Codons other than those of Q-containing tRNAs also showed changes in codon occupancy. Notably, the glycine codon GGC showed higher occupancy in the presence of Q, which may relate to our observation that the GGC codon is sensitive to misreading by tRNA^Asp (see below). Furthermore, the four UCN serine codons displayed slower translation in the absence of Q (Figure 1B), though the differences among replicates were substantial and were not statistically significant. These effects may reflect differences in tRNA pools and tRNA availability.
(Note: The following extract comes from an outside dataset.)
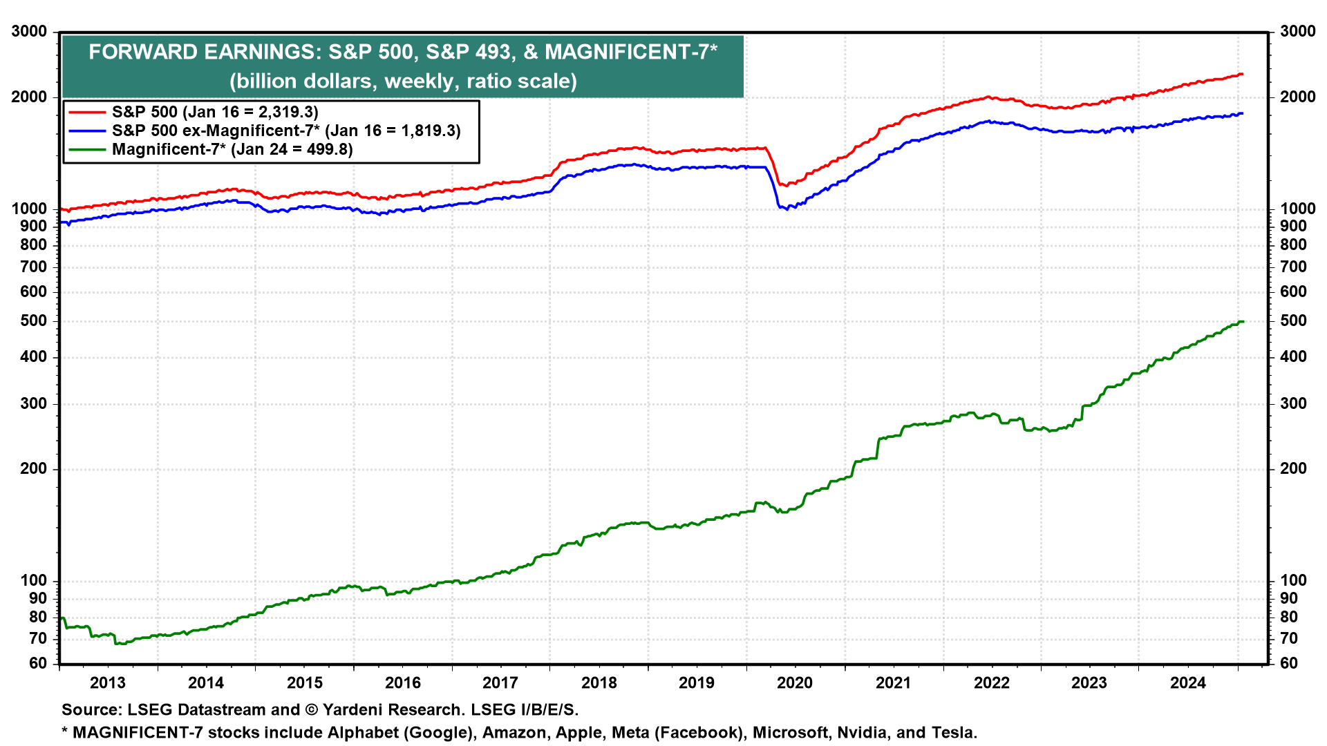 On balance, we expect that the Mag-7 will deliver solid earnings, as suggested by the record high in their combined aggregate forward earnings of $500.1 billion during the week of January 24 (chart). The forward earnings of the S&P 493 was $1,819.3 billion that same week.

Indeed, we observed variability in tRNA^Ser_AGA levels across replicates (Supplementary Figure S1A). We note that other ribosome profiling studies in S. cerevisiae observe similarly high variability among replicates and effects on seemingly unrelated codons that are on par with those on the expected codons (41).

We next considered the consequence of the combined effect of Q modification and m⁵C38 on codon occupancy by calculating the ratio of occupancy in pmt1Δ versus wt + Q (Figure 1A and B, blue bars). While m⁵C38 on tRNA^Asp is absent in pmt1Δ, it is present to 100% in wt + Q due to the stimulation of Dnmt2/ Pmt1 activity by Q (17). This comparison allowed us to evaluate the additional effect of m⁵C38 relative to pmt1Δ/ pmt1Δ + Q (Figure 1B, red bars). Altogether, the effects on codon occupancy were rather similar to those of pmt1Δ/ pmt1Δ + Q, and differences were not statistically significant. We conclude that the effect on translation is predominated by Q, and that m⁵C38 at most has a mild modulatory effect on codon occupancy in addition to Q modification.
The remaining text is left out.